I have one website called Default Web Site
on IIS that grabs all incoming traffic by using all unassigned IP address and omitting the hostname on the binding
So I can access it locally by going to the browser and typing in:
http://localhost/index.html
I can access it on another box in the Network, by opening up the browser and replacing local host with the machine name (webapps
) like this:
http://webapps/index.html
That all works fine.
Now I've added a second website that uses the hostname intra.company.com
in the binding for the site.
As mentioned in setting Host Name in IIS to www.example.com, I added the following to my hosts file located in C:\Windows\System32\drivers\etc
# localhost name resolution is handled within DNS itself.
# 127.0.0.1 localhost
# ::1 localhost
127.0.0.1 intra.company.com
Now, locally, I get the right page if I browse to:
http://intra.company.com/index.html
My question is, can I somehow navigate to that address from another computer, similar to how I was connecting to the site hosted on localhost.
Something like this:
http://webapps.intra.company.com/index.html
http://webapps/intra.company.com/index.html
http://webapps:intra.company.com/index.html
But none of those wild guesses at composing the url work.
Any Ideas?
Note 1: This might be resolvable through changing the DNS server on the network, but I can't access that for now, so I would like to see if there's a way route to a box plus a hostname.

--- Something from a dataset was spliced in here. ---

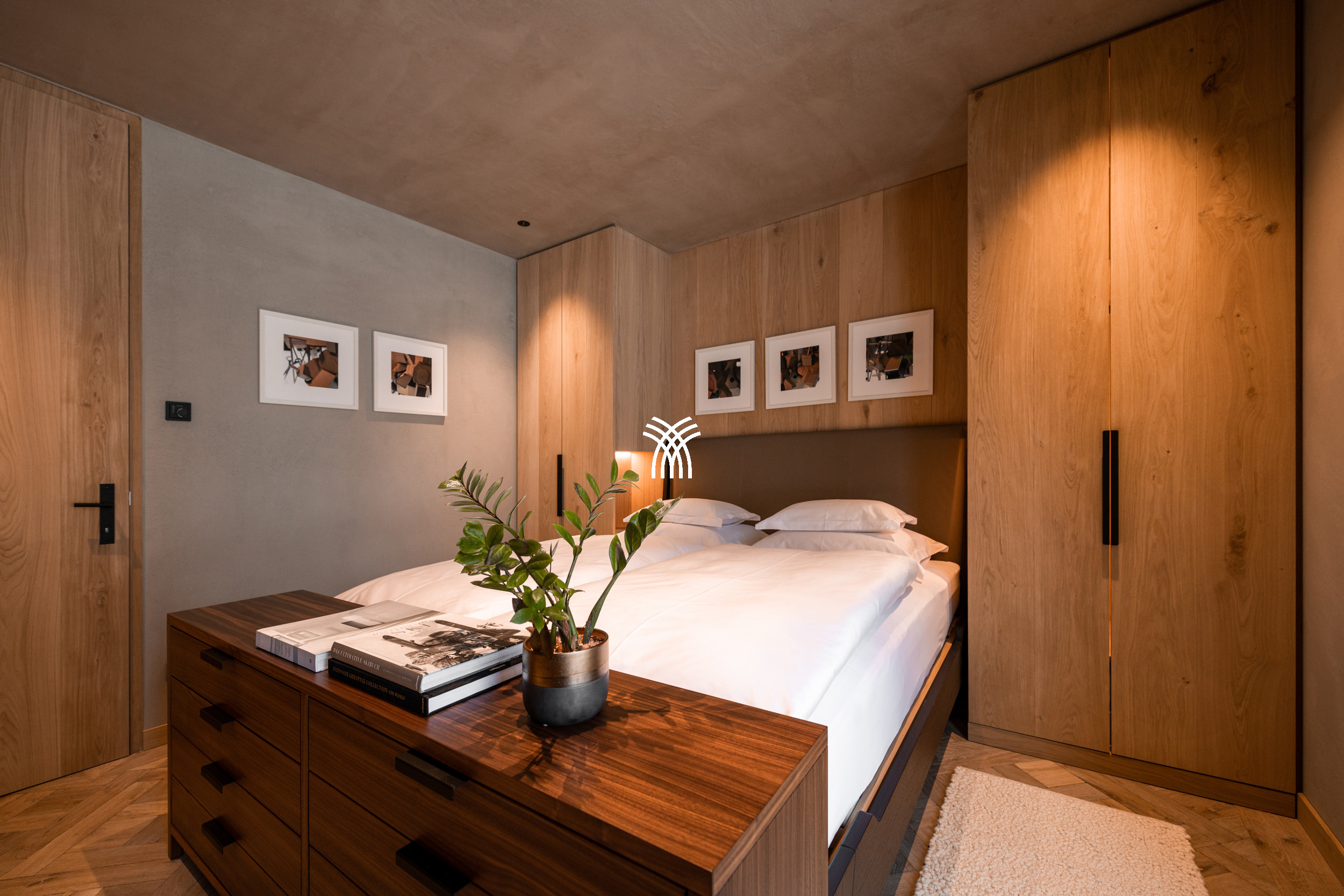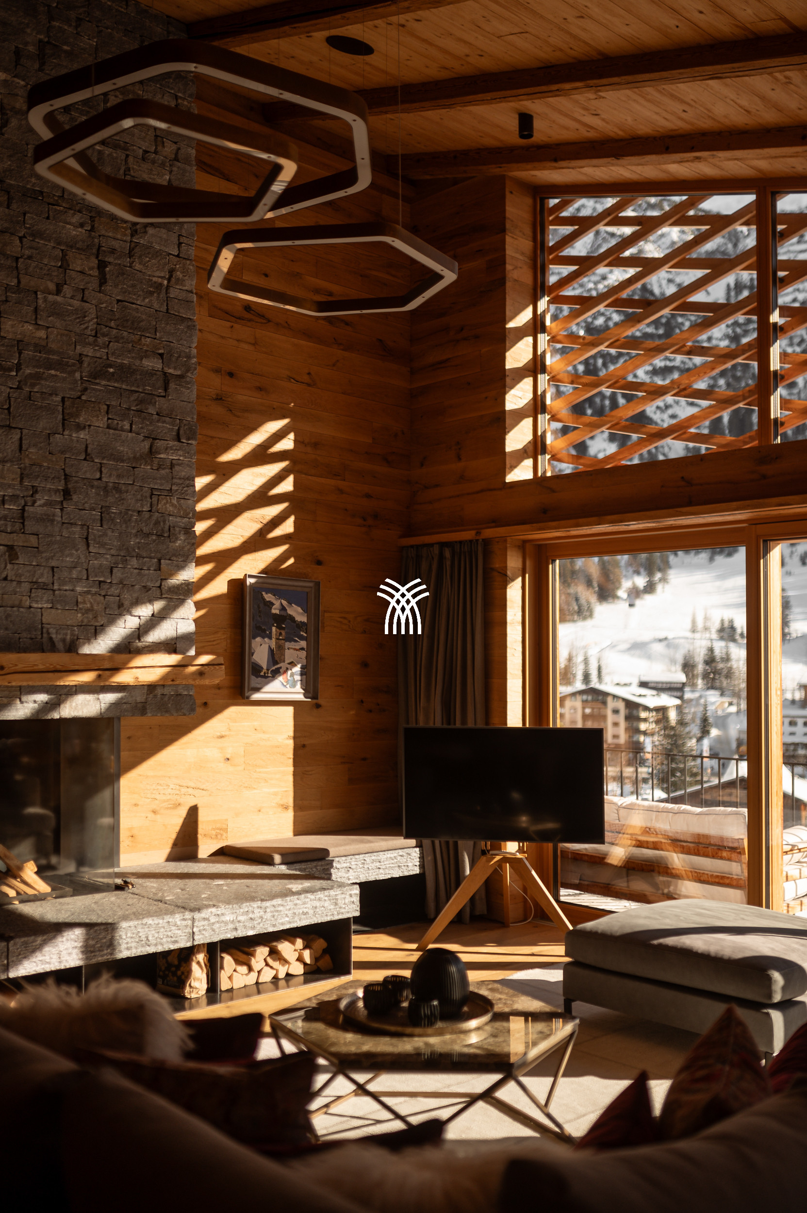 For entertainment, the chalet reveals a playful and luxurious side with its private party room, complete with a bar, darts, table soccer, pinball, multimedia system, and even a private cinema, ensuring unforgettable moments for every guest. Covered parking adds to the convenience, while the overall design reflects a unique symbiosis of tradition and contemporary influences, making Arla a truly distinctive alpine residence.

Note 2: Also, I could add a virtual folder to the Default Web Site and redirect requests to localhost plus a folder name to the new website, but this feels like the wrong approach. I really do have two different websites that will resolve to different host names that have very different access patterns so keeping them separate seems ideal.
Remote clients need to be able to resolve that name, either via hosts file entries or via DNS. If you don't have access to the DNS server that those clients use then you'll have to create hosts file entries on those clients for that name.